El cardenal Müller subrayó la necesidad de la justicia en el proceso de destitución de un obispo, argumentando que:
«Un obispo solo puede ser destituido por el Papa según los dictados de la justicia si ha sido culpable de algo malo (herejía, cisma, apostasía, un delito o un comportamiento totalmente no sacerdotal), por ejemplo, la pseudo bendición de personas de ambos sexos o de un sexo en relaciones extramatrimoniales que ofende a Dios y defrauda a las personas de su salvación».

Además, advirtió sobre las graves implicaciones de una destitución arbitraria de un obispo, sosteniendo que:

«La destitución arbitraria como obispo de una diócesis en la que un obispo es nombrado por el propio Cristo como su propio pastor socava la autoridad del papa, como ocurrió históricamente con el indigno abuso del cargo bajo el papado aviñonés (Esta pérdida de confianza fue una de las principales razones de la ruptura del cristianismo de la Reforma con la Iglesia católica y su odio al papa, que, con sus acciones arbitrarias, se había puesto en el lugar de Dios)».

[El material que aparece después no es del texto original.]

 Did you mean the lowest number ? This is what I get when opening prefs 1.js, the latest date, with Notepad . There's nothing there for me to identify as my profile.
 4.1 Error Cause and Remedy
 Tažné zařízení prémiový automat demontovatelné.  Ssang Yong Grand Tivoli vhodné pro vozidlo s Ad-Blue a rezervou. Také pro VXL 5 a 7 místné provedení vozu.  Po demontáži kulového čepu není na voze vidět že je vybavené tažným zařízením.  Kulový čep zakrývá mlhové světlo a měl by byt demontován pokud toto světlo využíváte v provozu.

El cardenal alemán hizo hincapié en que, según la doctrina católica, «el Papa no es en absoluto el Señor de la Iglesia, sino solo, como representante de Cristo para la Iglesia universal, el primer servidor de su Señor, que tuvo que decir a Simón Pedro, que acababa de ser nombrado roca de la Iglesia: ‘Apártate de mí (ital. Indietro, el verdadero indietrismo), pues no piensas en lo que Dios quiere, sino en lo que quieren los hombres’ (Mt 16,23)».

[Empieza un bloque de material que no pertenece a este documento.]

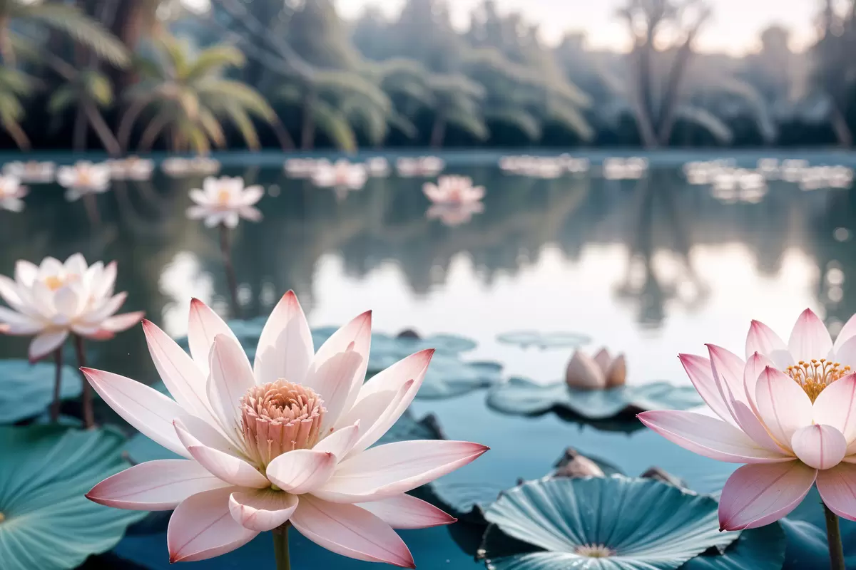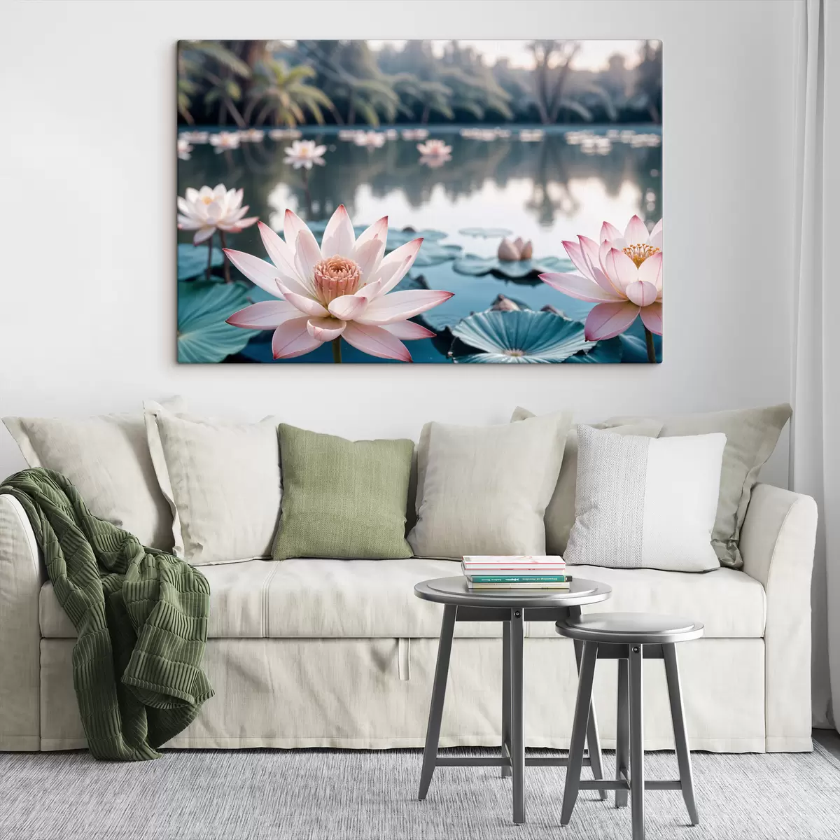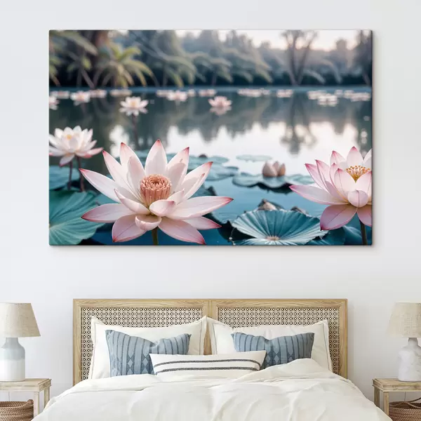 Quadri Uno stagno con fiori di loto rosa che galleggiano sulla superficie, circondato da una vegetazione lussureggiante e palme Nr s40555
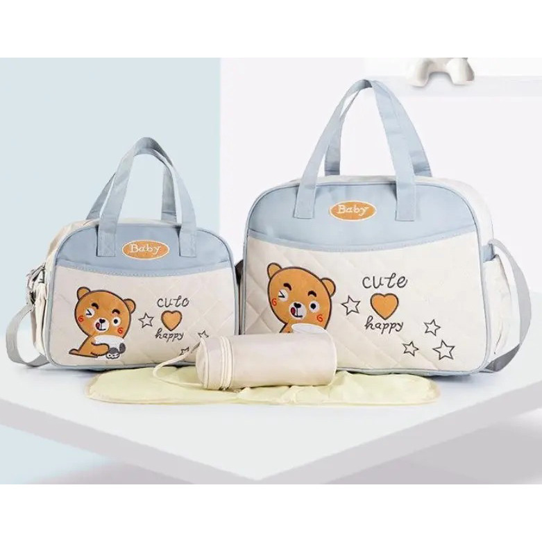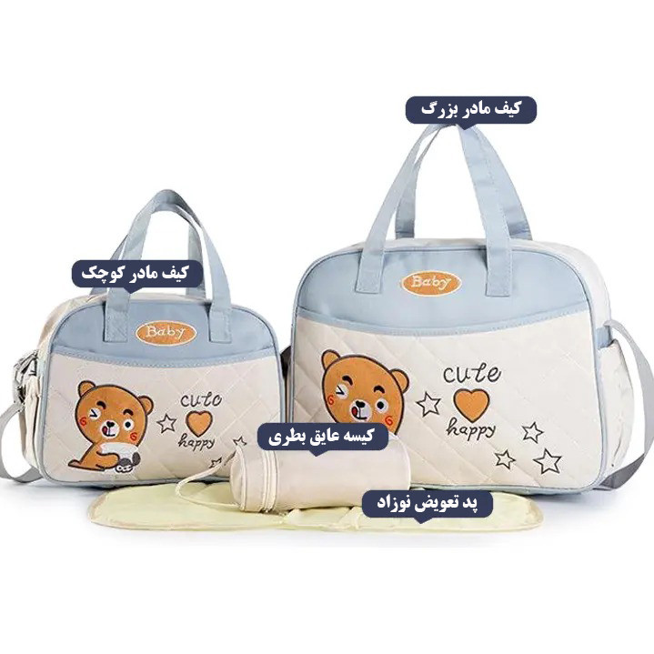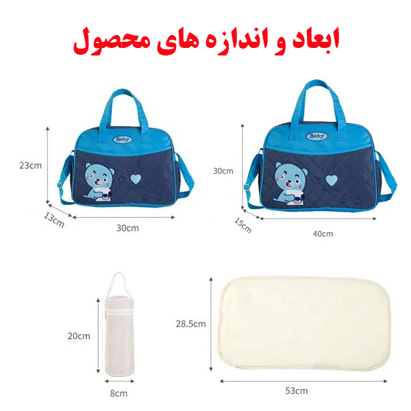 ساک لوازم یکی از مهم ترین اقلام در خرید سیسمونی میباشد.همچنین به دلیل این که بیشترین استفاده را نیز در اقلام سیسمونی دارد باید در خرید یک ساک لوازم جا دار ، با کیفیت و همینطور کاربردی دقت لازم را داشت. ساک لوازمی که در تصویر مشاهده میکنید شامل یک کیف بزرگ، یک کیف متوسط، کیف عایق بطری و یک پد تعویض نوزاد است. لذا شما می توانید برای سفرها و مهمانی های نزدیک و کوتاه از ساک کوچک و در سفرهای بلند مدت از ساک بزرگ و یا هر دو استفاده کنید.
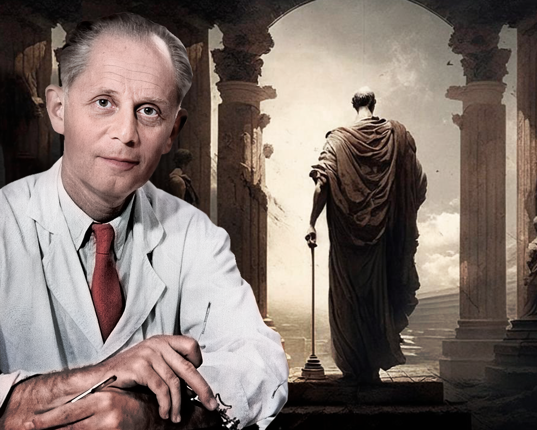 Ганс Селье — канадский физиолог. Разработал теорию стресса / ШколаЖизни.Ру & На фоне — картинка сгенерирована нейросетью Kandinsky 2.1 от Sber AI по текстовому запросу
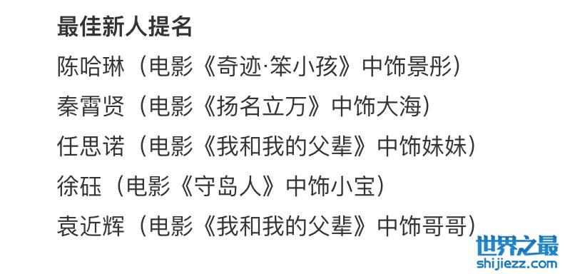 最佳新人也是乏善可陈,似乎随便颁给谁都没太大差别。

El cardenal Müller desafió la percepción de que el Papa posee una autoridad monárquica absoluta y expresó su preocupación de que los buenos obispos sean acosados mientras los obispos herejes e inmorales queden impunes, afirmando que:

«El Papa no tiene autoridad de Cristo para acosar e intimidar a los buenos obispos según el ejemplo de Cristo, el Buen Pastor, que, de acuerdo con el ideal episcopal del Vaticano II, santifican, enseñan y guían al rebaño de Dios en nombre de Cristo, solo porque los falsos amigos denuncian a estos buenos obispos a Francisco como enemigos del Papa, mientras que los obispos herejes e inmorales pueden hacer lo que quieran, o que cada día acosan a la Iglesia de Cristo con otra tontería».